Originally published April 3, 2007 at 12:00 AM | Page modified April 3, 2007 at 2:01 AM
Forest plan's critics suppressed, judge rules
The Bush administration illegally suppressed and misrepresented the views of dissenting scientists when it eased logging restrictions under...
The Associated Press
The Bush administration illegally suppressed and misrepresented the views of dissenting scientists when it eased logging restrictions under the Northwest Forest Plan, a federal judge in Seattle has ruled.
In his ruling late Friday, U.S. District Judge Ricardo S. Martinez struck down the administration's change to the forest plan, which governs logging on 24 million acres of federal lands in Washington, Oregon and Northern California.
"Here, the dissenting views of responsible scientists were neither set forth in substance, nor their import discussed," as required by the National Environmental Policy Act, Martinez wrote.
Under the 1994 Northwest Forest Plan's Aquatic Conservation Strategy, before federal agencies could approve logging, road building or other projects, they had to determine that the projects would not harm watersheds.
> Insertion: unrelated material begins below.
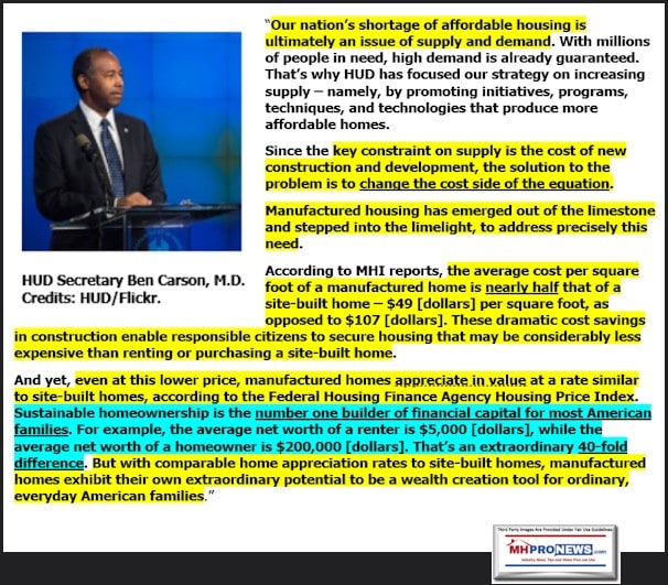 Stay tuned for more of what is ‘behind the curtains’ as well as what is obvious and in your face reports. It is all here, at the runaway largest and most-read source for authentic manufactured home “Industry News, Tips, and Views Pros Can Use” © where “We Provide, You Decide.” © ## (Affordable housing, manufactured homes, reports, fact-checks, analysis, and commentary. Third-party images or content are provided under fair use guidelines for media.) (See Related Reports, further below. Text/image boxes often are hot-linked to other reports that can be access by clicking on them.)

That wording, designed to protect salmon, had held up timber activities on 4 million acres designated for logging.
In March 2004, the Bush administration dropped the wording at the request of the timber industry.
Several U.S. Fish and Wildlife Service scientists who worked on the original Northwest Forest Plan objected, saying the change would "remove or weaken several key conservation provisions for aquatic species" and "is of great concern to us."
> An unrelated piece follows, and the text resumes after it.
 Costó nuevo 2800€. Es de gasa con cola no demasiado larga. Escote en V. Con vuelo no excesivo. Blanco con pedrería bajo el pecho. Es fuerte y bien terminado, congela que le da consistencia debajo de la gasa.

But such comments were not included in the environmental-impact statement prepared in conjunction with the wording change, Martinez said. Instead, some of the objections were "buried in the appendices as a summary of public comments" but were not seriously weighed by the U.S. Forest Service or Bureau of Land Management.
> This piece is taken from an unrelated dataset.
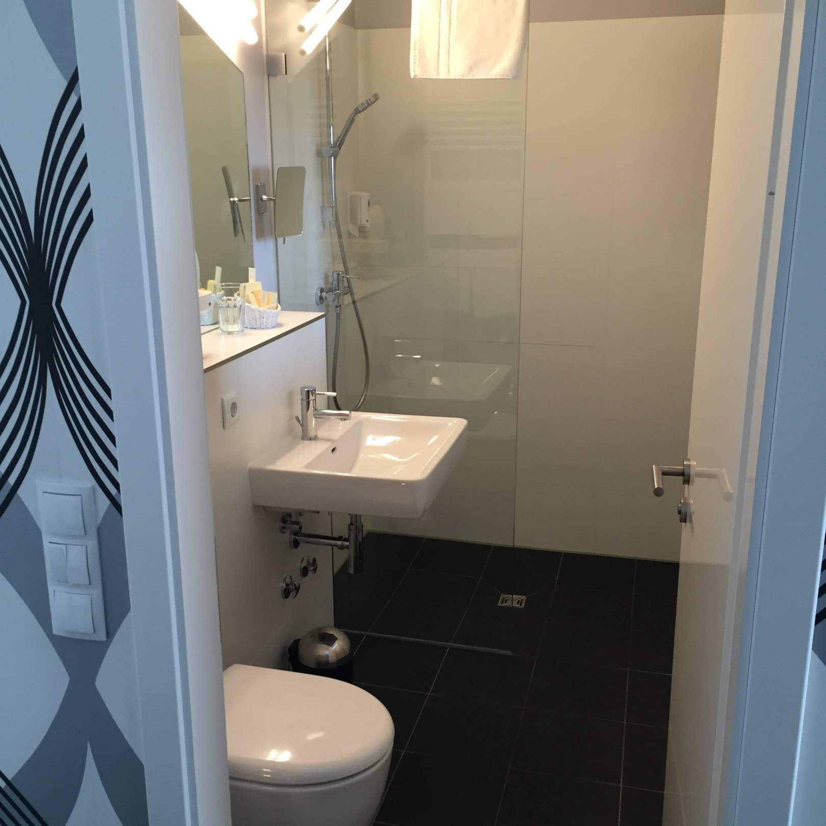 Bad mit WC und Dusche und Tageslicht über Zimmer

In one appendix, the administration misrepresented the views of the scientists who drafted the original wording by saying that they did not intend for logging projects to be evaluated for their impact on the watershed, the judge said.
Environmentalists and fishing groups who sued over the wording change were thrilled.
"The timber industry went to the Bush administration with demands to increase logging, and the Bush administration went ahead and did that," Earthjustice lawyer Patti Goldman said Monday. "The lesson is that they can't cut corners on environmental protection just because they want to cut more logs. They have to heed the science and protect the forest for all users."
Chris West, a vice president of the American Forest Research Council in Portland, which intervened in the lawsuit, said the ruling would require unnecessary, watershed-level studies rather than simply evaluating the local effect of the projects.
"We're going to be wasting the taxpayers' money on paperwork for bureaucracy's sake," he said.
Last year, U.S. Magistrate Judge Mary Alice Theiler recommended that Martinez invalidate the wording change because administration officials had failed to give a rational basis for it. Martinez agreed, but he disagreed with her finding that the environmental-impact statement "did not fail to disclose dissenting opinions."